Service Mesh — Professional¶

A service mesh is a programmable proxy fabric: a fleet of L7 proxies (Envoy, or Linkerd's linkerd2-proxy) interposed on the data path, driven by a control plane that computes and pushes configuration. At the professional tier the interesting questions are not what a mesh does but how it does it under load and at scale: the wire protocol that streams config to proxies (xDS), the workload-identity substrate that anchors mTLS (SPIFFE/SPIRE), the internal object model of the proxy itself (listeners → filters → clusters), the sidecarless ambient datapath, and the latency and consistency budgets you inherit for every extra hop.

Table of contents¶

The xDS protocol: LDS, RDS, CDS, EDS
Config propagation and eventual consistency
SPIFFE/SPIRE identity and mTLS rotation
Envoy internals for a mesh
Ambient mesh: ztunnel and waypoints
Latency and overhead budget
Consistency across the fleet
References

1. The xDS protocol: LDS, RDS, CDS, EDS¶

Envoy is configured almost entirely at runtime through the xDS family of gRPC/REST APIs. Each API is a "discovery service" for one resource type.
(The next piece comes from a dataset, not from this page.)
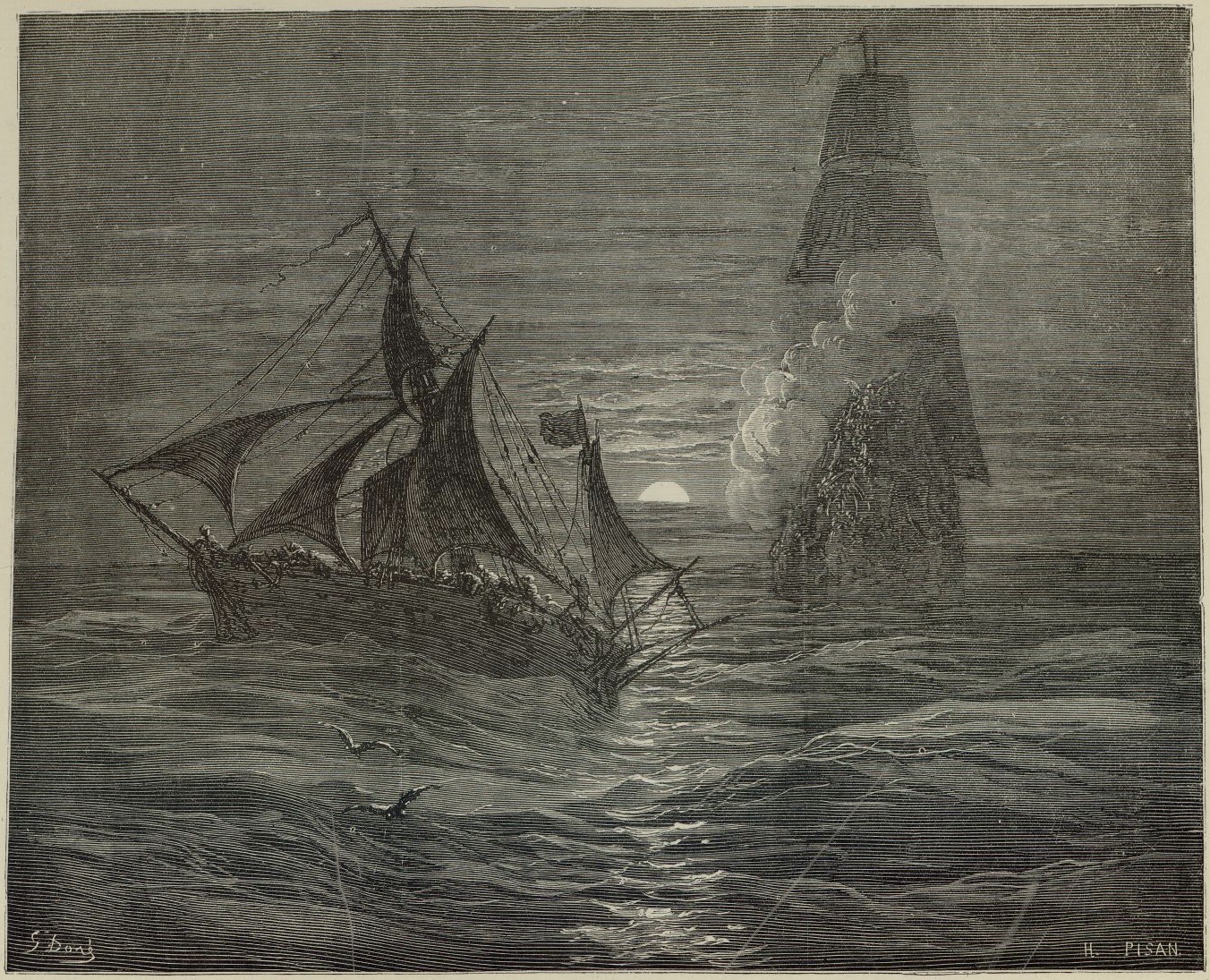 In the bright moonlight, the captive, Zoraida, and the crew see a square-rigged ship (a French corsair vessel) approaching them. Without warning, the ship fires two cannons loaded with chain shot. The first cuts their mast in two and the second strikes them amidships. Signed by G. Doré (illustrator) and H.-J. Pisan (engraver). Part 1, ch. 41.

The control plane (Istio's istiod) is the xDS server; every Envoy proxy is an xDS client that opens a long-lived bidirectional gRPC stream and subscribes to the resources it needs.

The core resource types form a dependency chain, resolved lazily and top-down:

Acronym	Resource	Answers the question	Depends on
LDS	Listener	"What ports/sockets do I bind, and what filter chain runs on each?"	—
RDS	RouteConfiguration	"For this HTTP virtual host, which route matches this request and which cluster does it select?"	referenced by an HCM filter in a listener
CDS	Cluster	"What upstream service groups exist, and what are their LB policy, circuit breakers, TLS context, health checks?"	selected by routes
EDS	ClusterLoadAssignment	"What are the concrete endpoints (IP:port), their locality, weight, and health for this cluster?"	belongs to an EDS-type cluster
SDS	Secret	"What are the TLS certificate and private key for this identity?"	referenced by TLS contexts

Two auxiliary services round out the picture: LDS/RDS/CDS/EDS are the "big four"; SDS (Secret Discovery Service) streams certificates and keys so private keys never touch disk or static config, and ADS (Aggregated Discovery Service) multiplexes all of the above onto a single gRPC stream to guarantee ordering (see §2).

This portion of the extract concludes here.